Claremont Graduate University (CGU) is pleased to announce that Marianne Boruch of West Lafayette, Indiana, has won the $100,000 Kingsley Tufts Poetry Award for her book The Book of Hours (Copper Canyon Press). The award, given annually to a mid-career poet, is one of the largest monetary poetry prizes in the United States.
Heidy Steidlmayer of Vacaville, California, has won the $10,000 Kate Tufts Discovery Award for her book Fowling Piece (Tri-Quarterly). The Kate Tufts Discovery Award is given annually for a first book by a poet of genuine promise.
"We are delighted to honor these poets and celebrate their achievements," said Wendy Martin, director of the Tufts Poetry Awards program and vice provost at Claremont Graduate University. "These awards will help them gain wider recognition and will sustain their continuing commitment to writing outstanding poetry."

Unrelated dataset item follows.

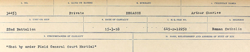 He enlisted with the name Arthur-Charles DAGESSÉ but the Army listed him as DEGASSE.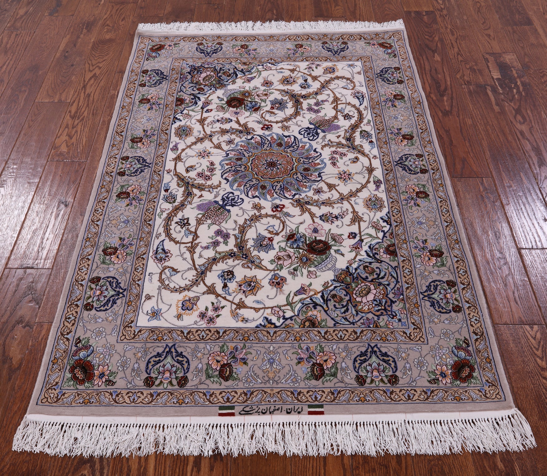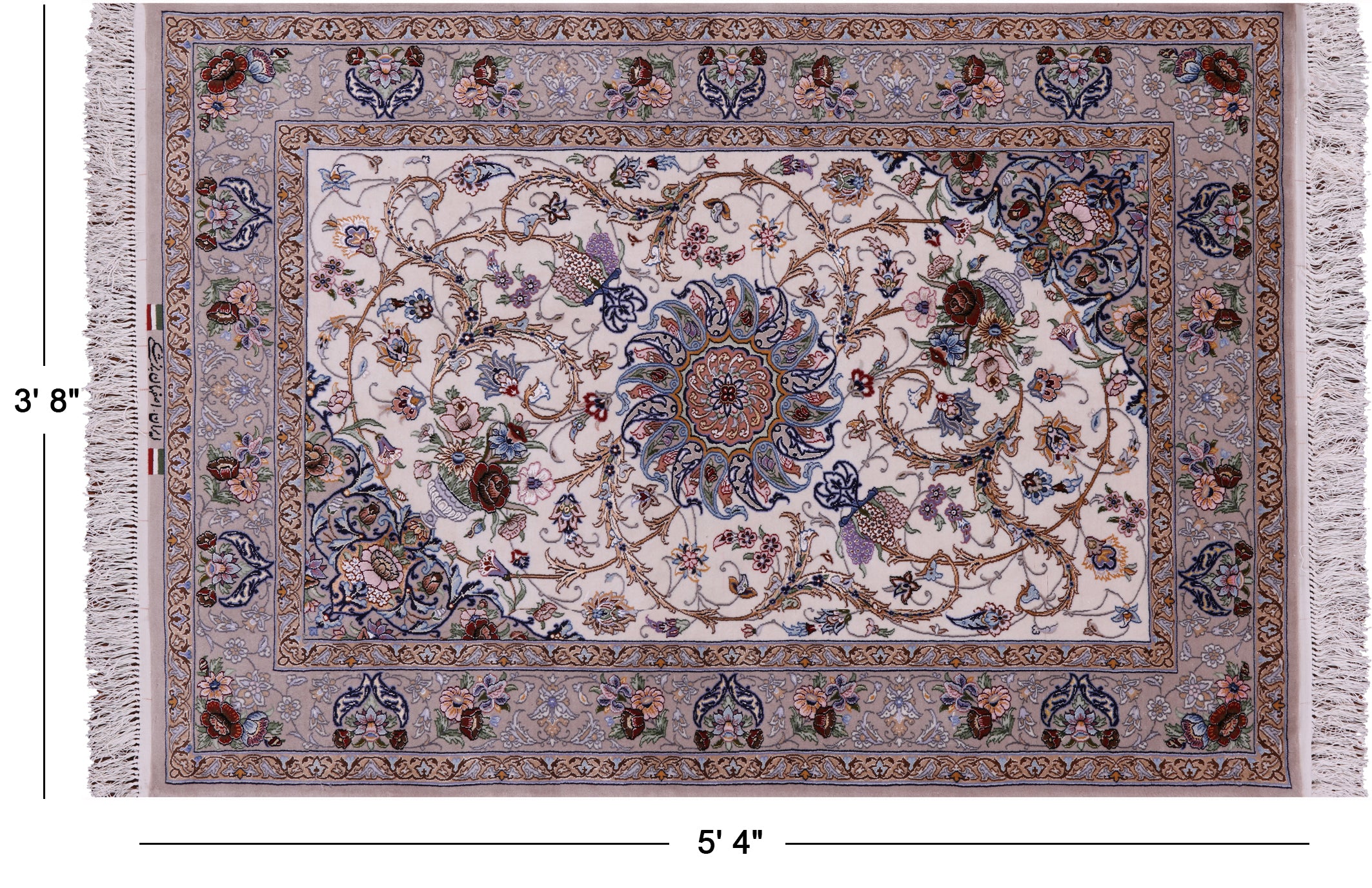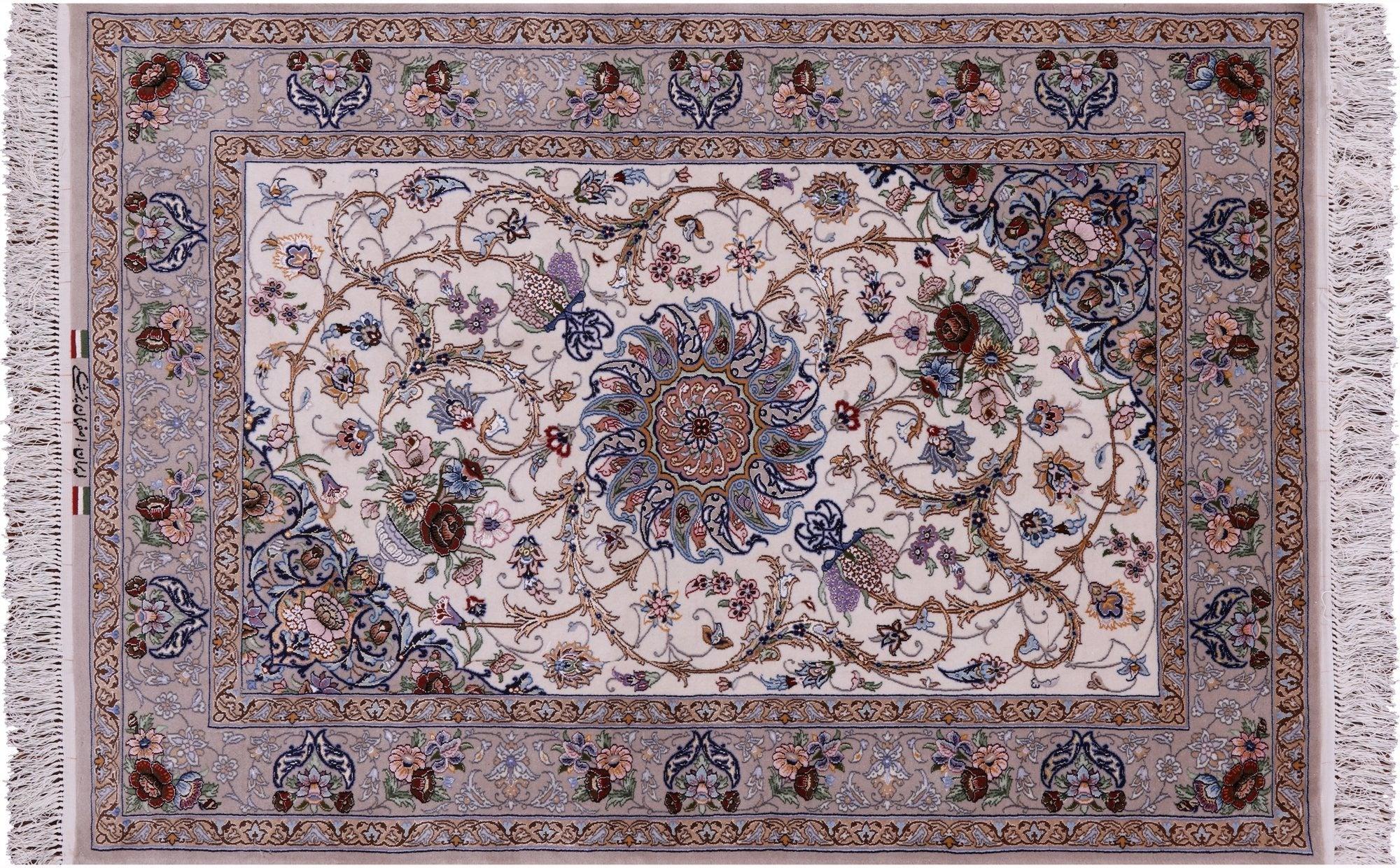 Ivory Signed Persian Isfahan Wool & Silk Area Rug 3' 8" X 5' 4" - SA2681

Boruch teaches creative writing at Purdue University and in the Program for Writers at Warren Wilson College. Her poetry collections include Grace, Fallen from (Wesleyan, 2008) and Poems: New and Selected (Oberlin, 2004). She's written two books of essays on poetry-In the Blue Pharmacy (Trinity, 2005) and Poetry's Old Air (Michigan, 1993)-and a memoir, The Glimpse Traveler (Indiana, 2011). She has received Pushcart Prizes, a Fulbright/visiting professorship at the University of Edinburgh, fellowships from the NEA and the Guggenheim Foundation, and residencies from the Rockefeller Foundation's Bellagio Center and Isle Royale National Park. Her work has appeared in the New Yorker, Poetry, Paris Review, APR, the Yale Review, and the London Review of Books.

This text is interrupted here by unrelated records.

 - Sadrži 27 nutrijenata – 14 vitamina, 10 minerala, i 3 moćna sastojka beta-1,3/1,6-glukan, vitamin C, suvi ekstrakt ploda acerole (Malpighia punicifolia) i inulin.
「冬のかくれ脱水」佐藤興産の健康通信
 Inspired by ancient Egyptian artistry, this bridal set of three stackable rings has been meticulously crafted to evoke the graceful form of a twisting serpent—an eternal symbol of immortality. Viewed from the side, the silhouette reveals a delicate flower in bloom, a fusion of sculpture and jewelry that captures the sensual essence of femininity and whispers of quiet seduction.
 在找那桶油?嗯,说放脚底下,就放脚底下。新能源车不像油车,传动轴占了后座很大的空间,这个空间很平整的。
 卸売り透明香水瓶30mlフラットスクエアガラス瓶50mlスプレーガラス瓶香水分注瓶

Steidlmayer's poems have appeared in Poetry, TriQuarterly, Ploughshares, Literary Imagination, Michigan Quarterly Review, and elsewhere. She is a recipient of the J. Howard and Barbara M.J. Wood Prize from Poetry and a Rona Jaffe Foundation Writers' Award. Fowling Piece was also awarded the 2012 John C. Zacharis Award for the best debut from a Ploughshares contributor.

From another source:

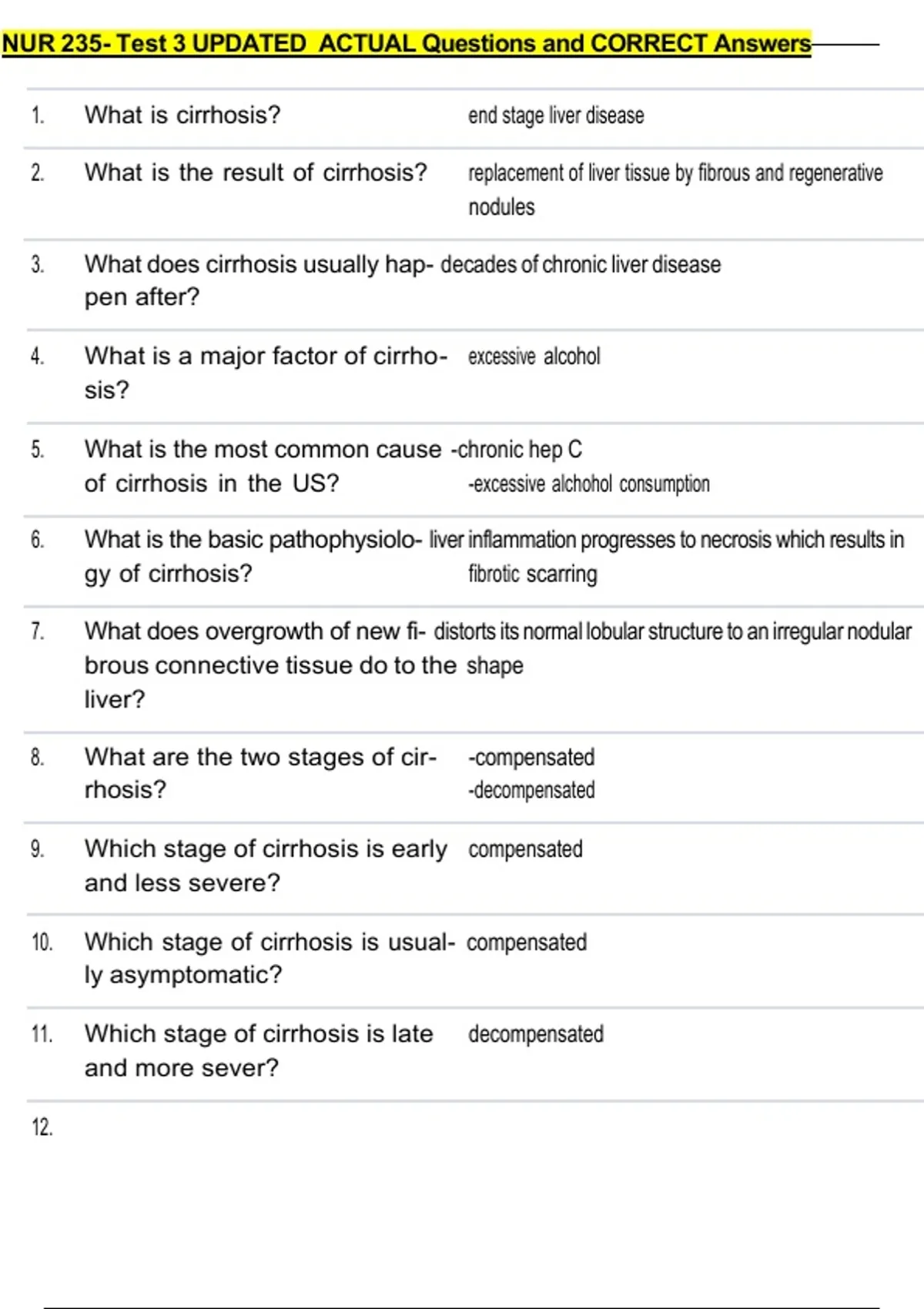 3. What does cirrhosis usually hap- decades of chronic liver disease

The Kingsley Tufts award, now in its 21st year, was established at Claremont Graduate University by Kate Tufts to honor the memory of her husband, who held executive positions in the Los Angeles Shipyards and wrote poetry as his avocation. The award is presented for a work by a poet who is past the very beginning but has not yet reached the pinnacle of his or her career. The Kate Tufts Discovery Award was initiated in 1993 and is presented annually for a first book by a poet of genuine promise.